Ich habe diesen Blog mit der Entdeckung über harte Themen begonnen, weil es die größte Überraschung war. "Was ist das Schwierigste, was du je lernen musstest?" Fragte ich alle. Ich gab an, dass ich nicht emotionalen Lebensunterricht, sondern akademische Fächer oder körperliche Fähigkeiten meinte. Ich machte eher narrative als quantitative Forschung, und ich konzentrierte mich darauf, wie jede Person ihre mentale Welt beschrieben hat und nicht darauf, wie viele Menschen auf spezifische Weise reagiert haben. Dennoch war ich beeindruckt von der Anzahl der Teilnehmer, die von Fähigkeiten herausgefordert wurden, die für die von ihnen betreuten Bereiche entscheidend sind. Ein berühmter Übersetzer und Literaturwissenschaftler fand das Lesen so schwer, dass er die erste Klasse wiederholen musste. Ein angesehener Neurowissenschaftler nannte sich "hoffnungslos" in Mathe und sagte zu mir: "Ich denke nicht mathematisch." Mathe und Fremdsprachen standen ganz oben auf der Liste der Themen, die die Leute als schwierig empfanden. Aber unter neun Teilnehmern, die Mathe hart fanden, waren sechs angesehene Wissenschaftler geworden. Jene, die mit Sprachen kämpften, schlossen einen prominenten literarischen Gelehrten, einen Romanschriftsteller und einen Dichter ein. Die Ergebnisse dieser qualitativen Studie stellen die Einstufung jeder Person als "visuell" oder "verbal" in Frage, ein Thema, das ich in zukünftigen Beiträgen ansprechen möchte. Vor allem stellen sie die Idee in Frage, dass Menschen in Felder eintreten, für die sie "Naturtalente" sind. "Die Dinge, die ich tun möchte, sind die Dinge, die ich schwierig finde", sagte David Krakauer, der das Wisconsin Institute for Discovery leitet . "Dinge, die ich leicht verstehe, interessieren mich nicht sehr." Für einige kreative Menschen motiviert der Drang, Fähigkeiten zu meistern, die ihnen zuerst entgehen, mehr als schnellen Erfolg.

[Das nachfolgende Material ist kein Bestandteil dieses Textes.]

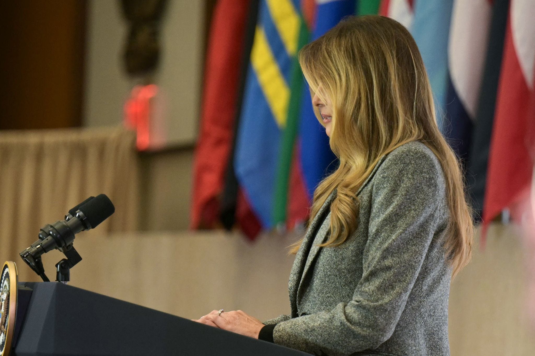 First Lady Melania Trump speaks as she hosts the Fostering the Future Together Global Coalition Summit at the State Department in Washington, D.C., on Tuesday. (Credit: Oliver Contreras / AFP via Getty Images)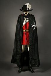 | Keywords: Walther von Hallwyls ordensdräkt som Rechtsritter i Johanniterorden bestående av flera delar - Hallwylska museet - 85849.tif JOHANNITERORDENSDRÄKTER <br/><br/>Bestående av delar av ordensdräkt för Ehrenritter samt ordensdräkt för Rechtsritter Delar av ordensdräkt för Ehrenritter Bestående av hatt epåletter med fodral värja med balja samt ett par sporrar <br/><br/>Hatt Av svart silkesfelb på styv stomme Trekantig vitplymascherad Agraff av guldbuljoner bestående av två spirallindade kantiljer lagda med krus den ena av förgylld rund metalltråd massiv den andra av oförgylld platt dylik tråd guldlan samt med en förgylld knapp med ordenskorset i silver Foder av vitt siden merveilleux Mått Vidd 56 cm Brätte längd 10 5 cm Epåletter axelstycken ett par med fodral Av metall i form av en oval skiva med rektangulär platt flik med fasade hörn Skivans sidor med stoppning Epålettens översida överklädd med guldtyg undersidan med röd ylleflanell På flikens översida en förgylld knapp med ordenskorset i vit emalj avnött på undersidan en mycket lång hake av mässing Axelholk av papp insidan överklädd med höggul sammet; på utsidan tätt vertikalt liggande guldbuljoner hårt dubbeltvinnade kantiljer Mått Längd 16 cm ; höjd 8 cm Fodral Av papp med trycklock samt på utsidan klätt med mörkt blågrönt knottrigt papper 8-formigt Locket fodrat med ljust blågrönt moirépapper lockets och fodralets kanter med likafärgat slätt papper Fodralets botten och sidor inuti vadderade samt fodrade med ljusgult fyrskaftat bomullstyg Under botten mörkblått papper Mått Höjd 10 cm ; längd 32 cm ; bredd 19 cm Värja med balja Klinga av stål blankpolerad tveeggad jämnt avsmalnande mot udden med sexsidigt tvärsnitt plana sidor och spetsig udd På klingans övre del i blankt mot mattetsad botten på vardera sidan akantusbladorneringar i tre grupper den övre och den nedre med en trofégrupp dessutom på mellersta gruppen på insidan preussiska örnen jämte ett i S-form gående skriftband varpå MIT GOTT F KÖNIG U VATERLAND Fäste av förgylld mässing Parerplåt hjärtformig skålig med bred ytterkant samt med den spetsiga ändan uppsvängd Mellan klingan och parerplåten två röda yllelappar Handbygel bågformig med ovalt tvärsnitt samt med nedre änden fortsättande på den bygeln motsatta sidan i en kort parerstång med tvär ytterände och avsmalnande inåt Kavel av trä spolformig med ovalt tvärsnitt samt lindad med höger- och vänstertvinnad grövre och finare tråd av silver Knapp långsträckt päronformig med övre ändan avslutad i en platt ändknapp på insvängd hög hals; på knappens utsida fritt pålagt i silver ordenskorset Mått Längd 0 95 m Klinga bredd vid fästet 1 5 cm Fäste längd 13 9 cm Balja Av svartlackerat läder med munbleck och släpsko av förgylld mässing Längs baksidan en grov spannad söm Munbleck och släpsko släta det förstnämnda med snett utvikt mynningskant samt på framsidan en nedåtriktad lång hake avsmalnande nedåt Mått Längd 0 81 m ; bredd 2 2 cm Munbleck längd 9 2 cm Släpsko längd 11 5 cm Sporrar spännsporrar ett par Av förgylld mässing Bygeln klackbågen med något uppsvängda skänklar trefasad utsida och platt insida samt avsmalnande utåt på vardera ändan en kullrig knapp på rakt utstående lång rundstavig hals Remmar saknas Mått Längd 12 5 cm ; bredd 10 9 cm Ordensdräkt för Rechtsritter Bestående av hatt mantel vapenrock livrem med gehäng värja med balja ordensband byxor stövlar sporrar med vristskydd block samt koffert med nycklar och överdrag Hatt Av svart styv filt med på sidorna uppviket brätte kantat med ett svart sidenmoiréband samt uppåt avsmalnande platt hög kulle nedtill denna en tjock snodd av förgylld metalltråd baktill med två öglor samt två tofsar av guldbuljoner tofshuvudet horisontalt lindat med dylika buljoner Framtill en vit och en svart lång strutsplym liggande över kullen och fäst under en kokard av hoprynkat svart sidenmoiréband varpå ordenskorset av vitt linnetyg Foder av vitt siden merveilleux ; svettrem av ljust beigefärgat getskinn baktill med en rosett av silkestrikåband i samma färg Mått Vidd 57 cm Kulle höjd 14 5 cm Brätte bredd 10 5 cm Mantel Av svart siden taft Hand- och maskinsydd Rektangulär i tre raka våder Övre kortsidan med fyra täta rynkrader utom på ett stycke vid vardera framkanten Foder av tunnare svart siden taft isytt med snoddade ytterkanter Halslinning smal dubbelviken Mått Längd 150 cm ; halsvidd 50 cm Vapenrock Av scharlakansrött kläde med knappar av förgylld koppar Livskuren tvåradig med tre par knappar Framstyckenas kanter passpoaler av vitt kläde Axelklaffar flätade av galonband i guld och med ordenskorset samt fodrade med rött kläde Krage rockslag ärmuppslag jämte skörtklaffar av vitt kläde Krage hög dubbelviken rockslag stora tresidiga ärmuppslag höga skörtklaffar konturerade de senare vardera med tre knappar jämte en smal guldgalon de övriga med en bred och en smal dylik Knappar runda kupiga med ordenskorset i relief baksidan av vit metall med en rundstavig ögla På vänstra framstycket en kort horisontal uppslitsning med fällklaff för värjan därovanför fyra horisontala silkesstränsar ordensfästen Foder av vitt siden i detsamma under vardera bakskörtet en ficka Mått Ärmhålsdjup 23 cm ; livlängd 42 cm ; längd hel 76 cm ; ryggbredd halv 18 cm ; ärmlängd 78 cm ; bröstvidd fram 44 cm ; bröstvidd hel 100 cm ; livvidd 90 cm Livrem med spänne och värjgehäng Remmen av grovt läder på utsidan ett pålagt band vävt av fina guldtrådar bildande fem längdgående flacka stavar omväxlande med smala ränder i hålmönster; insidan fodrad med rött kläde; remmens ena ände trubbvinklig på denna en fyrsidig sölja av mässing fastsydd med en kort läderflik samt avsedd för en på livremmens insida befintlig smal rem med mörkröd utsida och nio spännhål samt med innerändan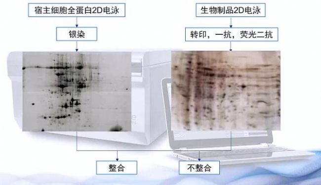 首先采用2D 雙向電泳技術高校分離HCP,一塊膠跑宿主細胞全蛋白2D電泳,之后染色使用sapphire儀器進行掃描成像,另一塊膠跑生物制品的2D電泳,然后將膠上蛋白轉移至膜上,經(jīng)過封閉,一抗,熒光二抗雜交,使用sapphire進行western blot熒光信號采集,通過結合2D 電泳和wesern blot結果比對鑒定,相比傳統(tǒng)的單獨的ELISA和WB方法,2D 電泳和WB技術能夠更為全面精準的鑒定微量的HCP

In Verbindung mit Beharrlichkeit kann die Anziehungskraft auf fremde Bereiche, die sich fremd fühlen, zu außerordentlicher Arbeit führen. In meinen Interviews mit einer Vielzahl kreativer Menschen habe ich gelernt, wie wichtig es ist, nicht nur zu lernen, was leicht kommt, sondern was am härtesten kommt. Das Durchforsten von Integralen oder seltsamen Schnörkeln auf Papier kann dazu führen, dass Gedankenmuster, die vorher getrennt waren, miteinander verbunden werden. Der Sechsjährige, der nicht lesen kann, wird vielleicht ein brillanter Übersetzer, und der Schüler, der Mathematik nicht verstehen kann, kann aufwachsen, um das Gehirn zu kartografieren.